Since an echo is formed at all integer multiples of T it is advantageous to place data acquisition periods at all integer multiples of T that are not used by RF pulses to maximize the rate of information acquired about the object. I.e. one can characterize the fingerprinting sequence by the sequence of excitation (E) and acquisition (A). All sequences of these two letters describe a valid fingerprinting sequence that is insensitive to off- resonance (where, within each E there is the additional freedom of choosing flip angle and phase).
In the following, an example of a possible sequence is shown together with the corresponding phase-graph visualizing the formation of echoes. The two Figs. 3 and 4 described below show a symbolic representation of an E segment (Fig. 3) and of an A segment (Fig. 4).

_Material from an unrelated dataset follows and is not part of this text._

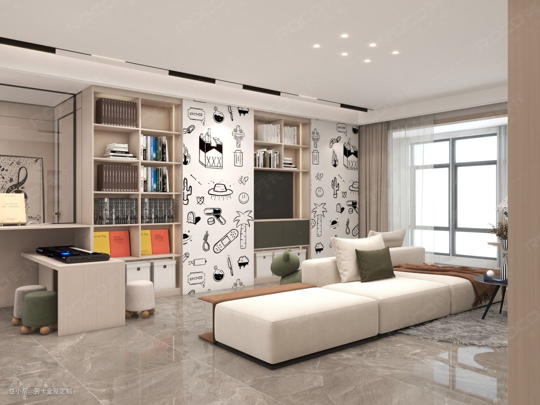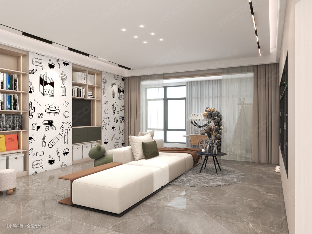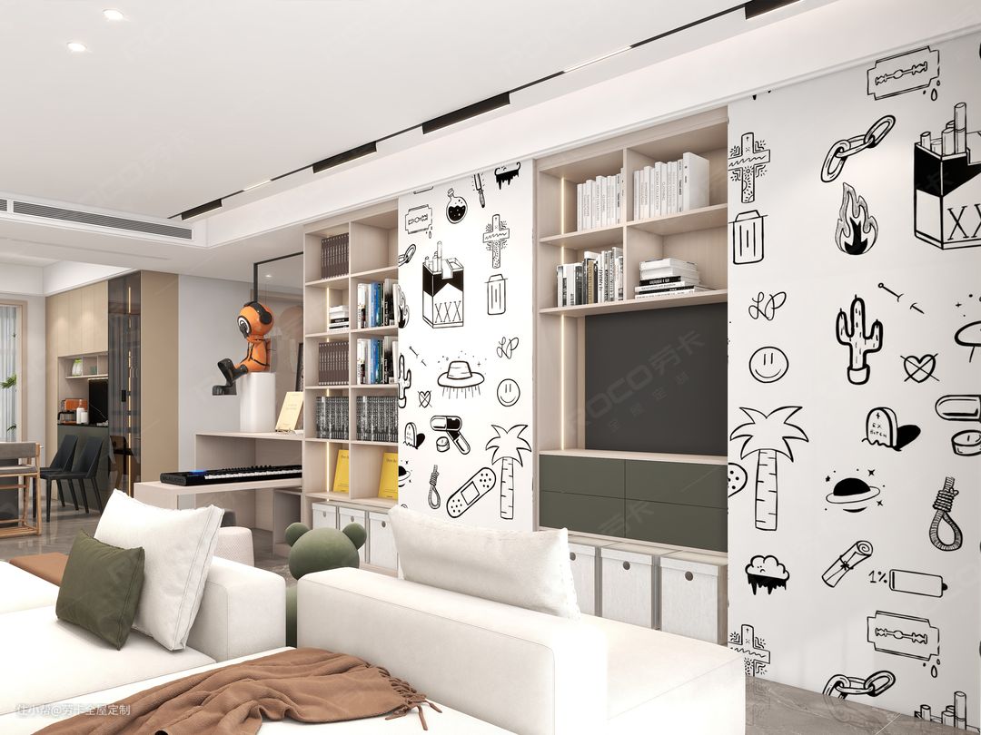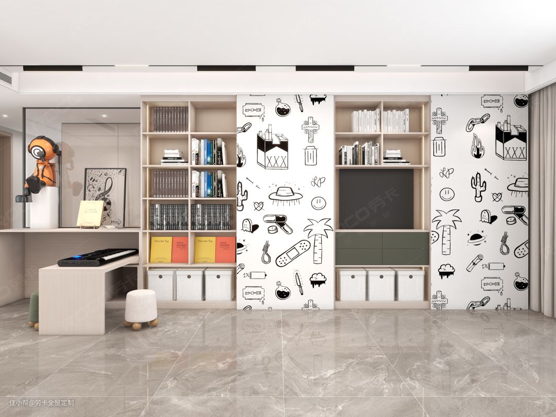 基于对收纳需求的考量,客厅另一边的背景墙也以柜体的形式呈现,强大的收纳力征服全场。半开放式柜体,搭配童趣的墙纸装饰,让空间显得俏皮了几分。

Fig. 3 shows a portion of a pulse sequence 300. The bars labeled 302 represent the fixed repetition time 302. There are three lines, the first line numbered 304 is used to specify readout gradients. The line numbered 306 indicates a space for specifying phase encoding gradients 306 and the line numbered 308 shows a place for specifying slice selection gradients and also the location of the RF pulse 310. In the example shown in Fig. 3 the pulse sequence 300 does not show phase encoding. A single readout gradient 312 is shown. In the example on line 308 there is a slice selection gradient 314 and an RF pulse 310 that occur at both the beginning and end of the fixed repetition time 302. In this example there is a center line 316 about which the slice selection gradient 314 and the RF pulse 310 are centered. The RF pulse 310 and the slice selection gradient 314 are shown as being divided into parts by the start and end of the fixed repetition time 302. This is however a bit artificial because the start and end of the fixed repetition time 302 can be shifted and the location of the center line 316 can be interpreted as a fixed delay from the start of the pulse sequence repetition. That is to say Fig. 3 can be rearranged such that the entire RF pulse 310 and the slice selection gradient 314 are within a single fixed repetition time 302. Fig. 3 represents a pulse sequence repetition where an RF pulse is applied at the delay 316.
Fig. 4 shows a further example of a portion of a pulse sequence 400. Fig. 4 illustrates a pulse sequence repetition where a sampling event 404 occurs. In the beginning of the fixed repetition time 302 there is an RF pulse 310. At the end of the fixed repetition time 302 there is no RF pulse. Instead there is a readout gradient 312 applied symmetrically about the fixed delay 316'. There is also a phase encoding gradient 402 which is also symmetric about the fixed delay 316'. Likewise around the fixed delay 316 ' the slice selection gradient 314' has been split into two symmetric parts. As with Fig. 4 the exact location of the fixed repetition time 302 can be adjusted such that all of the components of a particular pulse sequence repetition are within that fixed repetition time 302. Both the fixed delay 316 and 316' are shown at the beginning and end of the fixed repetition time 302 that is displayed. However for example, the beginning of the fixed repetition time 302 could be shifted to be exactly between 316 and 316'. In this case the gradients 312, 402 and 314' could all be contained within the same fixed repetition time 302.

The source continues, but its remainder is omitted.